● TASK ITEM: Could you print the stretch of lines below from the one with "10:10 Scenic bus" through the one with "cal. month |", exactly as they stand and without any pictures?

● MATERIAL FOR THIS TASK:
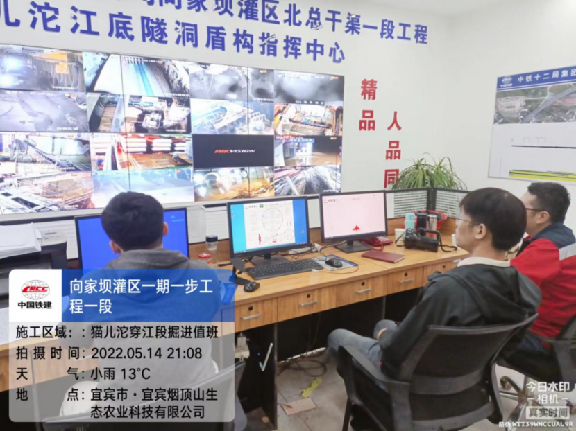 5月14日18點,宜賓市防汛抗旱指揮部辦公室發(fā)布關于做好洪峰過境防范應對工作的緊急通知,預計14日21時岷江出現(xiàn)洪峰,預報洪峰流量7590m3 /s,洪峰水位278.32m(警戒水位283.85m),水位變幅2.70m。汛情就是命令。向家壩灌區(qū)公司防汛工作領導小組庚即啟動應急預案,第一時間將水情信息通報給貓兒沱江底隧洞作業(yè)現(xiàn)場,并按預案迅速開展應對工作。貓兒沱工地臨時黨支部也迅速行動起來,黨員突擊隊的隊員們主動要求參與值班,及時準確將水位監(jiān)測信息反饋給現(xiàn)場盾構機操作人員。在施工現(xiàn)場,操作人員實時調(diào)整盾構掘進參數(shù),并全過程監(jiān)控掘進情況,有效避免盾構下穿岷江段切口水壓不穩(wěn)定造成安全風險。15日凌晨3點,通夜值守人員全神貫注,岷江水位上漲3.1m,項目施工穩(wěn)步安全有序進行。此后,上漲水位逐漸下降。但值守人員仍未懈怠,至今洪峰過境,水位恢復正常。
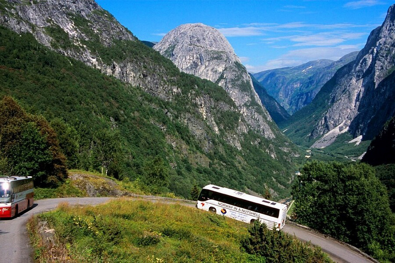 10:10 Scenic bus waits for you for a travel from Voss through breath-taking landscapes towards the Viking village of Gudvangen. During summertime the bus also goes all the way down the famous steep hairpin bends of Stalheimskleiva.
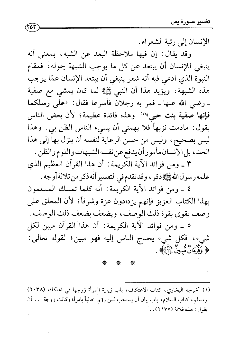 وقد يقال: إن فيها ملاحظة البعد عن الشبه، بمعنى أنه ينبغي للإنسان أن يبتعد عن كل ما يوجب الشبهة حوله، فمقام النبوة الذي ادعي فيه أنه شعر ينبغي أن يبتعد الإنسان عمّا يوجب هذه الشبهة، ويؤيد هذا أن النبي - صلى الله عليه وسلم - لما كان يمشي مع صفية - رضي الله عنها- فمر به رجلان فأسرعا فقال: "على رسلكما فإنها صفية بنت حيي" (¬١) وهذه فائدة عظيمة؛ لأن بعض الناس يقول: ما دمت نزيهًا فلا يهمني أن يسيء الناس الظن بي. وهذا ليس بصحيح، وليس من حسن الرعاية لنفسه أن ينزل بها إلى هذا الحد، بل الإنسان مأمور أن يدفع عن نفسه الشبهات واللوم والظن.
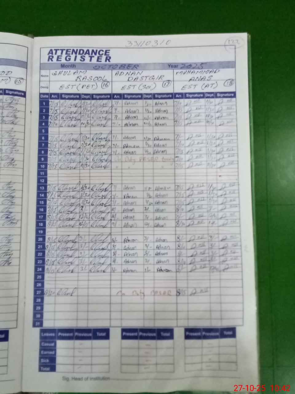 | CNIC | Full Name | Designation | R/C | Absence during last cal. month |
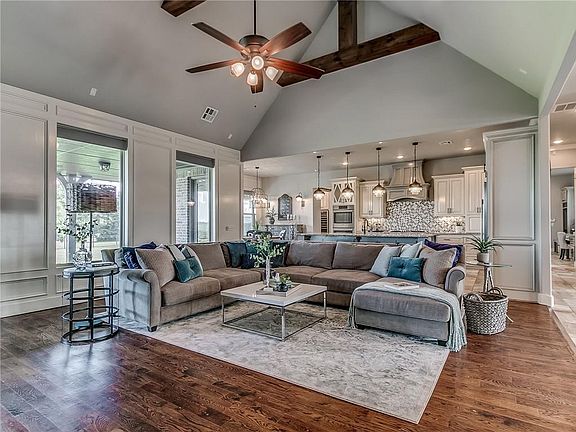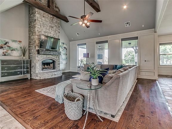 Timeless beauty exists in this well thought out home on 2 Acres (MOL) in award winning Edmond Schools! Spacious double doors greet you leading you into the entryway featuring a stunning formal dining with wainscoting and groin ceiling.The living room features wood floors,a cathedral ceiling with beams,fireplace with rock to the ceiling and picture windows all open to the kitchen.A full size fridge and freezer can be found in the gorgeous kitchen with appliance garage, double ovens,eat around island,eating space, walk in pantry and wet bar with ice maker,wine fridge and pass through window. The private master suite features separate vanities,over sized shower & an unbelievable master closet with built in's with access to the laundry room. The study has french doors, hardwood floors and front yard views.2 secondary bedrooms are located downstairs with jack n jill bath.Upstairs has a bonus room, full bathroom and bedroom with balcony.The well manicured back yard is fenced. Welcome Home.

● OUTPUT OF THE EXERCISE:
 10:10 Scenic bus waits for you for a travel from Voss through breath-taking landscapes towards the Viking village of Gudvangen. During summertime the bus also goes all the way down the famous steep hairpin bends of Stalheimskleiva.
 وقد يقال: إن فيها ملاحظة البعد عن الشبه، بمعنى أنه ينبغي للإنسان أن يبتعد عن كل ما يوجب الشبهة حوله، فمقام النبوة الذي ادعي فيه أنه شعر ينبغي أن يبتعد الإنسان عمّا يوجب هذه الشبهة، ويؤيد هذا أن النبي - صلى الله عليه وسلم - لما كان يمشي مع صفية - رضي الله عنها- فمر به رجلان فأسرعا فقال: "على رسلكما فإنها صفية بنت حيي" (¬١) وهذه فائدة عظيمة؛ لأن بعض الناس يقول: ما دمت نزيهًا فلا يهمني أن يسيء الناس الظن بي. وهذا ليس بصحيح، وليس من حسن الرعاية لنفسه أن ينزل بها إلى هذا الحد، بل الإنسان مأمور أن يدفع عن نفسه الشبهات واللوم والظن.
 | CNIC | Full Name | Designation | R/C | Absence during last cal. month |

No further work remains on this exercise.